___ TASK MATERIAL ___
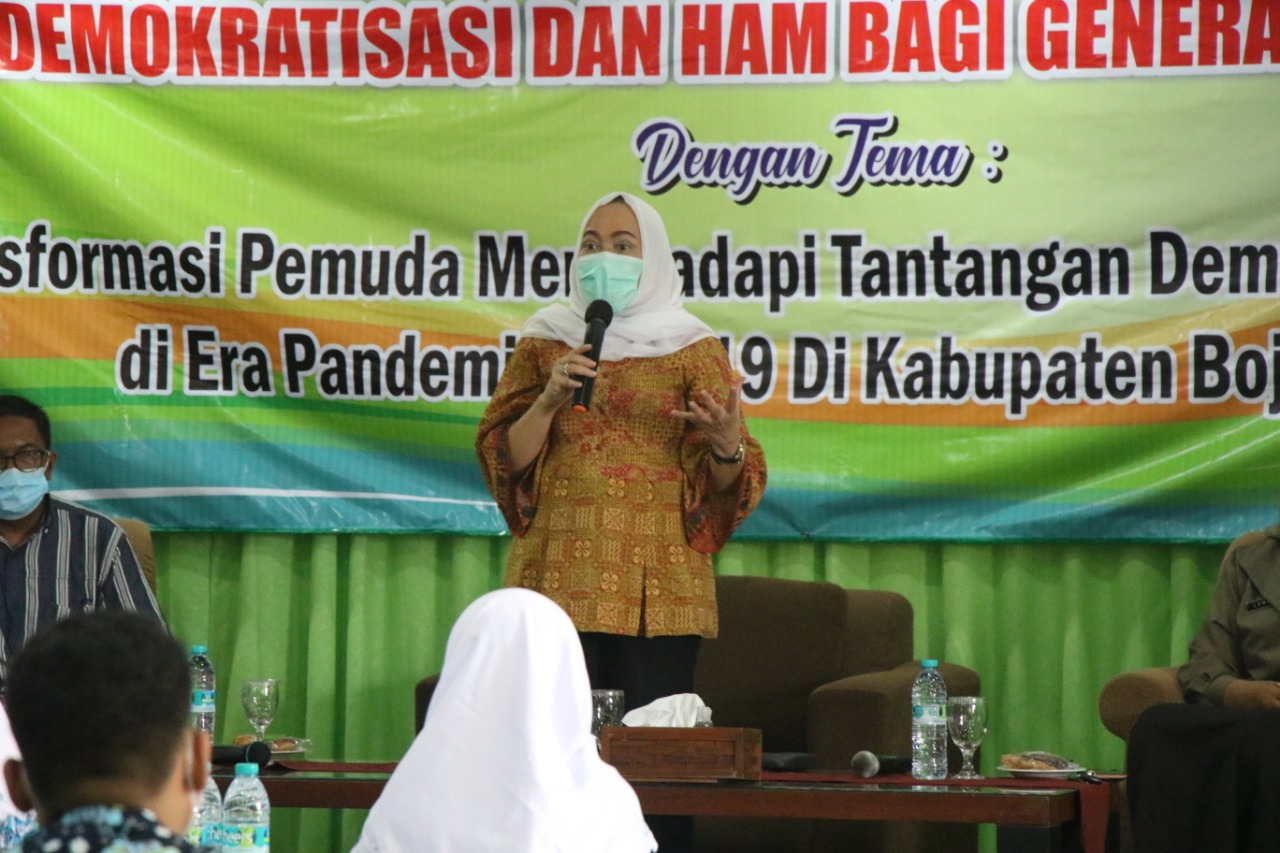 Bupati Bojonegoro Anna Muawanah menyampaikan transformasi pemuda sangat diperlukan untuk menghadapi tantangan Demokrasi dan HAM khususnya di Era pandemi Covid19 seperti saat ini. Dimasa pandemi, bupati berharap generasi muda tetap menjadi agen perubahan di Bojonegoro dengan ikut mengendalikan Covid19 namun juga tidak mengesampingkan Demokrasi yang menjadi sistem pemerintahan di NKRI. Selain itu tingkatkan toleransi antar sesama agar tidak melanggar HAM meskipun banyak sekali tantangan. “Sistem Demokrasi jangan sampai hilang,
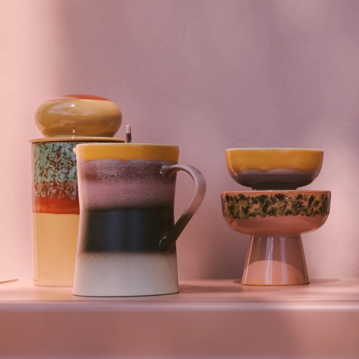 Die Teekanne wird aus robuster Keramik hergestellt und kann in der Spülmaschine gereinigt werden. Ergänzt wird die Teekanne durch Tassen, Becher, Schalen und Teller der verspielten und dekorativen 70's Geschirr-Serie.
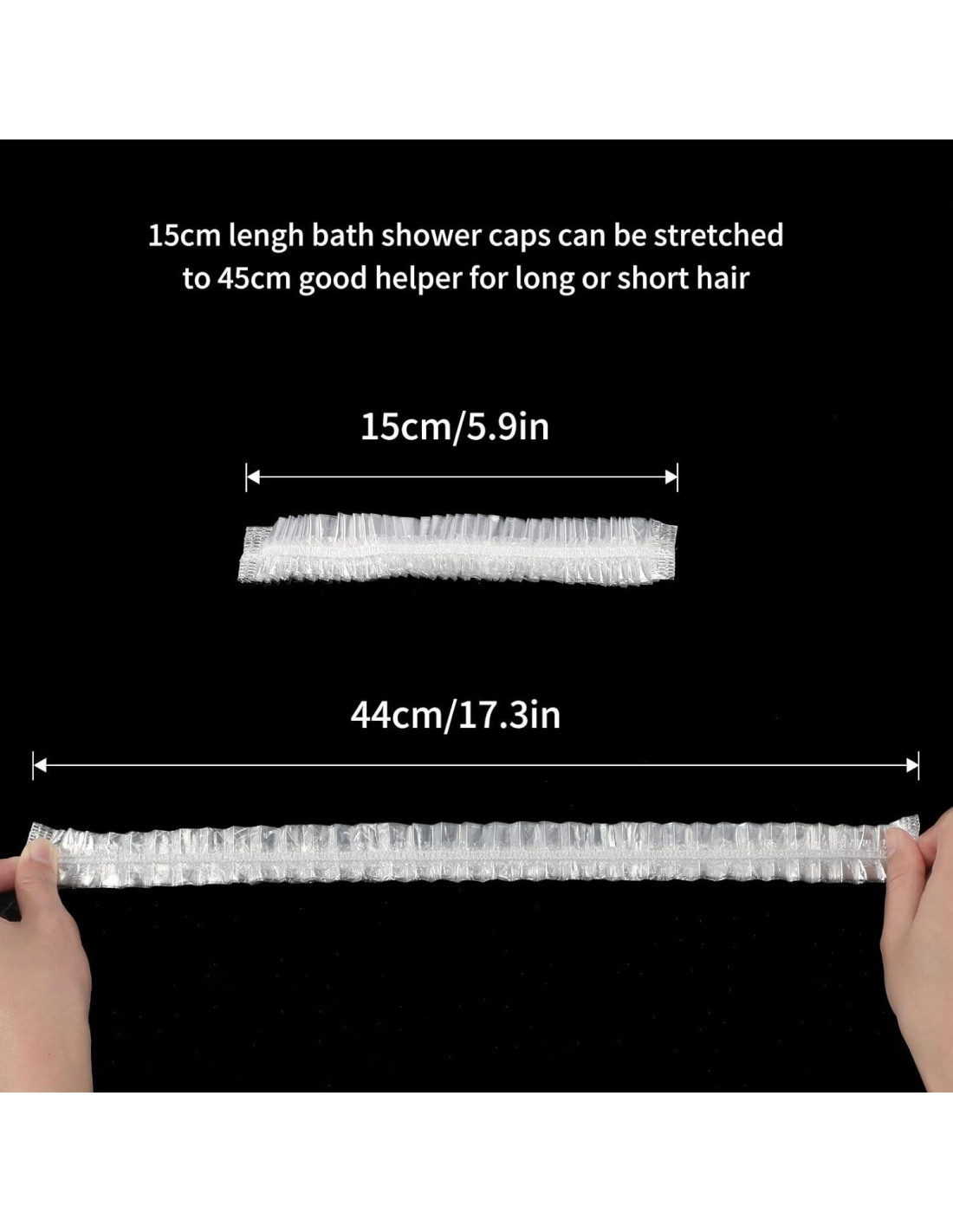 - [100PCS Gorras de Ducha Medianas] Estas son 100 gorras de ducha desechables, cada gorra de ducha mide aproximadamente 15 cm de largo cuando no está estirada y puede estirarse hasta aproximadamente 43.9 cm. Impermeables, a prueba de polvo, ligeras y duraderas para satisfacer tu uso diario.
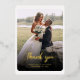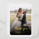 Una manera grandiosa y cuidadosa de agradecer a tus amigos, familia, invitados y compañeros de trabajo que se aparecieron para celebrar tu boda contigo. Esta moderna foto gracias tarjeta de Relieve metalizado dorado con la letra "gracias" con la mano del guión y su foto boda favorita es un perfecto keepsake Fotos tanto en la parte delantera como en la inversa de esta tarjeta que puede reemplazar con la tuya.
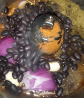 ![]() Black Beans, 1/2 cup | ![]() Beans to blender | X | ![]() 1 cup liquid to pot |
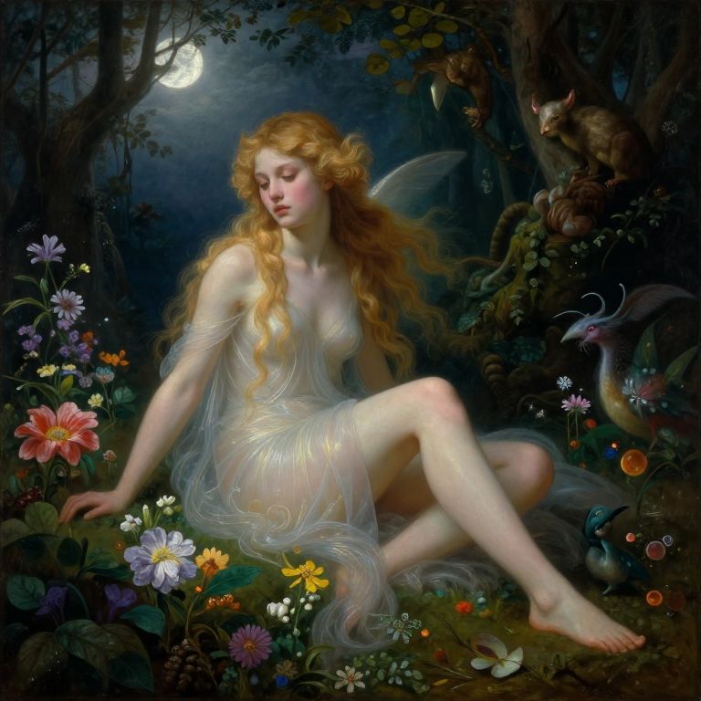 Craft an image reminiscent of Renaissance oil paintings, showcasing a delicate nymph with translucent skin and cascading golden locks bathed in soft moonlight. Capture her from a low angle as she sits pensively on a bed of vibrant flowers in a mystical forest clearing, exuding an emotional spectrum ranging from serene enchantment to introspective melancholy. The lush surroundings teem with otherworldly creatures and magical elements, enhancing the ethereal ambiance while accentuating the sublime grace and realism of the nymph's portrait.
___
PROBLEM TO WORK ON: Would you set down each line of the listing above exactly, apart from the pictures?

RESPONSE TO THIS EXERCISE:
 Bupati Bojonegoro Anna Muawanah menyampaikan transformasi pemuda sangat diperlukan untuk menghadapi tantangan Demokrasi dan HAM khususnya di Era pandemi Covid19 seperti saat ini. Dimasa pandemi, bupati berharap generasi muda tetap menjadi agen perubahan di Bojonegoro dengan ikut mengendalikan Covid19 namun juga tidak mengesampingkan Demokrasi yang menjadi sistem pemerintahan di NKRI. Selain itu tingkatkan toleransi antar sesama agar tidak melanggar HAM meskipun banyak sekali tantangan. “Sistem Demokrasi jangan sampai hilang,
 Die Teekanne wird aus robuster Keramik hergestellt und kann in der Spülmaschine gereinigt werden. Ergänzt wird die Teekanne durch Tassen, Becher, Schalen und Teller der verspielten und dekorativen 70's Geschirr-Serie.
 - [100PCS Gorras de Ducha Medianas] Estas son 100 gorras de ducha desechables, cada gorra de ducha mide aproximadamente 15 cm de largo cuando no está estirada y puede estirarse hasta aproximadamente 43.9 cm. Impermeables, a prueba de polvo, ligeras y duraderas para satisfacer tu uso diario.
 Una manera grandiosa y cuidadosa de agradecer a tus amigos, familia, invitados y compañeros de trabajo que se aparecieron para celebrar tu boda contigo. Esta moderna foto gracias tarjeta de Relieve metalizado dorado con la letra "gracias" con la mano del guión y su foto boda favorita es un perfecto keepsake Fotos tanto en la parte delantera como en la inversa de esta tarjeta que puede reemplazar con la tuya.
 ![]() Black Beans, 1/2 cup | ![]() Beans to blender | X | ![]() 1 cup liquid to pot |
 Craft an image reminiscent of Renaissance oil paintings, showcasing a delicate nymph with translucent skin and cascading golden locks bathed in soft moonlight. Capture her from a low angle as she sits pensively on a bed of vibrant flowers in a mystical forest clearing, exuding an emotional spectrum ranging from serene enchantment to introspective melancholy. The lush surroundings teem with otherworldly creatures and magical elements, enhancing the ethereal ambiance while accentuating the sublime grace and realism of the nymph's portrait.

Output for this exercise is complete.